**** Records for the task ****

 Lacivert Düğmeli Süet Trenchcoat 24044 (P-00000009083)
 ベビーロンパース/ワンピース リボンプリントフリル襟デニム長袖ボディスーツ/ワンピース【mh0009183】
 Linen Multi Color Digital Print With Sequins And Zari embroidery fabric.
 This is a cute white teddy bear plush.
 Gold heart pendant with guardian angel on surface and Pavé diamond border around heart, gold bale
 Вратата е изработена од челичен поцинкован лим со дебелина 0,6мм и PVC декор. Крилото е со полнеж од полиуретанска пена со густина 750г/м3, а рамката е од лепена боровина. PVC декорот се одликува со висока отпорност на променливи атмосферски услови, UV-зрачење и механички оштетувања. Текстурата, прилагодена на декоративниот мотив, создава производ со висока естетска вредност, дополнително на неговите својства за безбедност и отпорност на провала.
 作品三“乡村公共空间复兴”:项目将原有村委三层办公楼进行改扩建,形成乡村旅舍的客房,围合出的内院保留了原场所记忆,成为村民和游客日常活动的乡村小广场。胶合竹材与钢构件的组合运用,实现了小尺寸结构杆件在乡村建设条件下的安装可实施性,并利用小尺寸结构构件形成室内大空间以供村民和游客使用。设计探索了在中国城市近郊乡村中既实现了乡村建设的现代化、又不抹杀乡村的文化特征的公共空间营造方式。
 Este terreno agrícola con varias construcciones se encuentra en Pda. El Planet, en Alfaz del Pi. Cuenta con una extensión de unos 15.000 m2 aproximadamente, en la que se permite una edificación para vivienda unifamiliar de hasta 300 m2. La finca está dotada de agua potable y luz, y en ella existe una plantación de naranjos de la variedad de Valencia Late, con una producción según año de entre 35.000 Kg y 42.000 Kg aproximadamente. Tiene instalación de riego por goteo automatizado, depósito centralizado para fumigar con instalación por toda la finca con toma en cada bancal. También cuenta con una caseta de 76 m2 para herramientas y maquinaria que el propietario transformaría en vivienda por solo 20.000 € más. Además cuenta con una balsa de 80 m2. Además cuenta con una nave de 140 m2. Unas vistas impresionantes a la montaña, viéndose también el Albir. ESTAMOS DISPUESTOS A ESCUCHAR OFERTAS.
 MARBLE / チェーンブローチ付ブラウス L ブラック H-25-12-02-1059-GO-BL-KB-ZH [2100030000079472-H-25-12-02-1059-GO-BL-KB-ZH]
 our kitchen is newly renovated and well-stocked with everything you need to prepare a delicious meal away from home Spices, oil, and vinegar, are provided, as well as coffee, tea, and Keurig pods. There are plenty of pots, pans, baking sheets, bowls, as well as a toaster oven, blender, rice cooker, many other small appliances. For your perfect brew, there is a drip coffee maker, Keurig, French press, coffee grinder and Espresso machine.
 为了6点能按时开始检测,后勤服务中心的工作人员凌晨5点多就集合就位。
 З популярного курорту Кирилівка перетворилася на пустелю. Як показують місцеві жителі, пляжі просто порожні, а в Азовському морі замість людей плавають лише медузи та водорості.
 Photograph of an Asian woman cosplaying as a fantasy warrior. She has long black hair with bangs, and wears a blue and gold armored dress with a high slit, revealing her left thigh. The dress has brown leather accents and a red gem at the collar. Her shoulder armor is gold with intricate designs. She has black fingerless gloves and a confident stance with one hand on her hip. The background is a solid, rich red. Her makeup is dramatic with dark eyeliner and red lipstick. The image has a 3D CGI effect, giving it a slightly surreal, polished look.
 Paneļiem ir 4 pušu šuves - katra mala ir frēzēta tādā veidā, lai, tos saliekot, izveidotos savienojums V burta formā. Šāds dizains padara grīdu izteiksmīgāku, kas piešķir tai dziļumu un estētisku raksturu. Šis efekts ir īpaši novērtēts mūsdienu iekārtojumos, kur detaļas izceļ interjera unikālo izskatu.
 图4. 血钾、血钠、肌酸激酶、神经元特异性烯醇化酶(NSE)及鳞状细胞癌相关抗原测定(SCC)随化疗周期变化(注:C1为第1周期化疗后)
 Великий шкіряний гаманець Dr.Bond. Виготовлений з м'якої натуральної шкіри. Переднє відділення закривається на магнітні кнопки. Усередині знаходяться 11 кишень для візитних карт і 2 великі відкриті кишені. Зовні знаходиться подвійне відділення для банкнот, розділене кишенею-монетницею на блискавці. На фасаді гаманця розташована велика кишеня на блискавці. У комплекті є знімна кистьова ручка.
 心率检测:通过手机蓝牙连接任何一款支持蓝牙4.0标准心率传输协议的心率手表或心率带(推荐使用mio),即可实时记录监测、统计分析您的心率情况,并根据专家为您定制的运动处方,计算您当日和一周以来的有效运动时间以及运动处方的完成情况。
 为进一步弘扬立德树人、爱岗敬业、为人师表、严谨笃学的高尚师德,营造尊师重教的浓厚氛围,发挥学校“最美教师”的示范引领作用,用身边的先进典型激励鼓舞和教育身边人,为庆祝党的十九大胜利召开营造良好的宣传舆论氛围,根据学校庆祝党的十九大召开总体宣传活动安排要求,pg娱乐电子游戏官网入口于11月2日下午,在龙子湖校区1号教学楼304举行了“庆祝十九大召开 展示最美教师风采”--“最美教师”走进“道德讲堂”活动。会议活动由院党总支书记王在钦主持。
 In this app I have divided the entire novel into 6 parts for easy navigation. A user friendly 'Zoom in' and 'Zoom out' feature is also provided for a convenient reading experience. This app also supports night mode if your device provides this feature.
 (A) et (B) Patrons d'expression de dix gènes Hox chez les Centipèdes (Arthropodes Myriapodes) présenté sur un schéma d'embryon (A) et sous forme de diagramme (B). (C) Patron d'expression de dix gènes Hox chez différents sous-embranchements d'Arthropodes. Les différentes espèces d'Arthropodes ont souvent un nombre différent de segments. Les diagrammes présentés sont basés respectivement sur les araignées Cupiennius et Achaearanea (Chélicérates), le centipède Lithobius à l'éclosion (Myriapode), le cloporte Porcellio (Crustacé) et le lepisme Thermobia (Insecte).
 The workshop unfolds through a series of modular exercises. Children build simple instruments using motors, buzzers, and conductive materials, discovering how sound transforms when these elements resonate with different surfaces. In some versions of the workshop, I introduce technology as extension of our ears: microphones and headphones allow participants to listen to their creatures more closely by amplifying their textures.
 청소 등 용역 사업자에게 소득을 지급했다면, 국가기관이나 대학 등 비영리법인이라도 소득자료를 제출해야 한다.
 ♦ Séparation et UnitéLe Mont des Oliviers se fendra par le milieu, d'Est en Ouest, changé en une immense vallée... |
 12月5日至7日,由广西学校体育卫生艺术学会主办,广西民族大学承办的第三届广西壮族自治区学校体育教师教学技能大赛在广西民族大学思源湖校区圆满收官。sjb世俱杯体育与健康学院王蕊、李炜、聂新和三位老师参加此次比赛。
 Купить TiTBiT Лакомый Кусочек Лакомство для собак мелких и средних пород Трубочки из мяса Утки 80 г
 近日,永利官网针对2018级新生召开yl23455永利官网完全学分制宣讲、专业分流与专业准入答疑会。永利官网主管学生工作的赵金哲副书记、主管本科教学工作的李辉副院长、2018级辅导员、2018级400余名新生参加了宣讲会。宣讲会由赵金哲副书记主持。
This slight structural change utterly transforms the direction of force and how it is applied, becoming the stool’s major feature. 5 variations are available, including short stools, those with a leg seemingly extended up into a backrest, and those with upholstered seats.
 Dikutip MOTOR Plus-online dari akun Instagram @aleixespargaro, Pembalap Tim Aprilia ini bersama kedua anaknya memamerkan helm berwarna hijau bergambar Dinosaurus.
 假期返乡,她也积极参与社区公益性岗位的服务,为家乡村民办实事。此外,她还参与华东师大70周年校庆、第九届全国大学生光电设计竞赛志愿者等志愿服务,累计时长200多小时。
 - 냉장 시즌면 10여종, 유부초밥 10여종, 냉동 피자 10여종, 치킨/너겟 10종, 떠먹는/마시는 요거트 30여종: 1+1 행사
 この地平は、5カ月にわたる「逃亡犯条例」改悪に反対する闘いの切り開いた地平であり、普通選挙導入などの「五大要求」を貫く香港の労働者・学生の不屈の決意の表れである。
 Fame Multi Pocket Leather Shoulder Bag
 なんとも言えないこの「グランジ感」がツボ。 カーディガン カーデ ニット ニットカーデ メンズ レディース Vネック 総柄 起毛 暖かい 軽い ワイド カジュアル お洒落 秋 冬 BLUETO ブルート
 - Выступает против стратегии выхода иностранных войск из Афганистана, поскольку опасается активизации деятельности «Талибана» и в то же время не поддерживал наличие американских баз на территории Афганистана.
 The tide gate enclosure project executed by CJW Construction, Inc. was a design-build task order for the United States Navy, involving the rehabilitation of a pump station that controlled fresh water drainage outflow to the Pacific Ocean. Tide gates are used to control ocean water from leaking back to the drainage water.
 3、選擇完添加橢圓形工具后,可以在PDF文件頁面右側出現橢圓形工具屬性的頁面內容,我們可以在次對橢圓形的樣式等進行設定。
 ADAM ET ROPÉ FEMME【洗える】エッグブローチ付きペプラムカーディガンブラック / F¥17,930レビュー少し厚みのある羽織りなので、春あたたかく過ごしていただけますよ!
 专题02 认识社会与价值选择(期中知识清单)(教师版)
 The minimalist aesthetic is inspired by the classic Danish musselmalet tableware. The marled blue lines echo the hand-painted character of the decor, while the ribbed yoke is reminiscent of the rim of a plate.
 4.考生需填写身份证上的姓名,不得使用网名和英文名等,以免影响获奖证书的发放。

****

Task directions: Extract the lines above, from the first one through the one containing "This is a cute white teddy bear plush.", and return only those, unchanged.

Finished task:
 Lacivert Düğmeli Süet Trenchcoat 24044 (P-00000009083)
 ベビーロンパース/ワンピース リボンプリントフリル襟デニム長袖ボディスーツ/ワンピース【mh0009183】
 Linen Multi Color Digital Print With Sequins And Zari embroidery fabric.
 This is a cute white teddy bear plush.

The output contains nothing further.